IV. La résurrection
Durant la première moitié du XIXe siècle, qui voit triompher le style néoclassique des Didot, les caractères de Claude Garamont sont entièrement délaissés. Pourtant, après cette éclipse d’un demi-siècle, les types anciens sont réhabilités, grâce à l’initiative d’un imprimeur lyonnais, Louis Perrin, qui fait graver des caractères imitant ceux de la Renaissance. Perrin lance ainsi dans les années 1850 la mode des caractères dits « elzéviriens », qui réhabilitent les formes anciennes auprès du lectorat français.
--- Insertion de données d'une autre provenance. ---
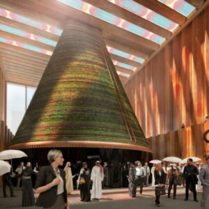 ‘Het Nederlands Paviljoen is een enorm Circulair project dat laat zien dat circulair ontwerpen kan, evenals circulair bouwen en constructie- en recycling planning voordat een bouwconstructie wordt gemaakt! Laat dit een voorbeeld zijn voor de bouw- en constructiesector over de hele wereld! Ons GSES System platform is voor alle belanghebbenden, landen, organisaties, producten en toeleveringsketens. Naast het uitreiken van de certificaten aan het Nederlands Landenpaviljoen hebben we tijdens de handels receptie op 2 november ook het GSES System certificaat uitgereikt aan Hoogendoorn Growth Management. Een bedrijf in tuinbouwautomatisering, dat niet alleen praat over duurzaamheid, maar dit ook in de MENA-regio in de praktijk brengt. Koppert Biological Systems, ABN AMRO Bank, Univé Verzekeringen etc gebruiken ook het GSES System en zijn geverifieerd. Er is wereldwijd een enorm potentieel voor duurzame groei en samen met de Expo-organisatie laten we zien dat het dienovereenkomstig kan worden gemeten en geverifieerd. Zo zijn we een voorbeeld voor de rest van de wereld.’ – Kelly Ruigrok, CEO GSES System, Data for Good en het Nationaal Duurzaamheid Instituut uit Nederland.

Cette évolution conduit Arthur Christian, le directeur de l’Imprimerie nationale, à remettre en usage des types anciens, ceux de Jean Jannon, qui sont diffusés par son établissement sous le nom de « Garamond » à partir de 1900. C’est le début d’une véritable « Garamonomanie » : en l’espace de quelques années, plusieurs dizaines de revivals sont mis en circulation, non seulement en France mais également en Allemagne, en Grande-Bretagne, aux États-Unis et en Italie où ils s’imposent massivement dans la presse, l’édition et la publicité.
L’histoire du « Garamond » accompagne ainsi la mutation des industries graphiques tout au long du XXe siècle depuis l’arrivée des fondeuses-composeuses mécaniques jusqu’à l’informatique, en passant par la photocomposition.
65. 1847 : une erreur d’attribution« Spécimen des caractères romains employés par l'Imprimerie royale de 1640 à 1846 » dans [Eugène Burnouf]. Notice sur les types étrangers du spécimen de l’Imprimerie royale. – Paris : Imprimerie royale, 1847.
Étonnamment intégré à une Notice sur les types étrangers, ce tableau synoptique présente l’ensemble des caractères latins en usage à l’Imprimerie royale. Repris à l’identique dans l’Histoire de l’Imprimerie impériale de France de François Duprat en 1861, il connaît une diffusion relativement large et est à l’origine d’un important quiproquo : dans la colonne de gauche, les « Caractères de l’Université » commandés à Jean Jannon en 1641 (n° 53 et 54) sont attribués à Claude « Garamond », et datés par erreur de 1540. Cette attribution erronée fera longtemps autorité : dès lors, les types de Jean Jannon passeront pour le modèle original du « Garamond ».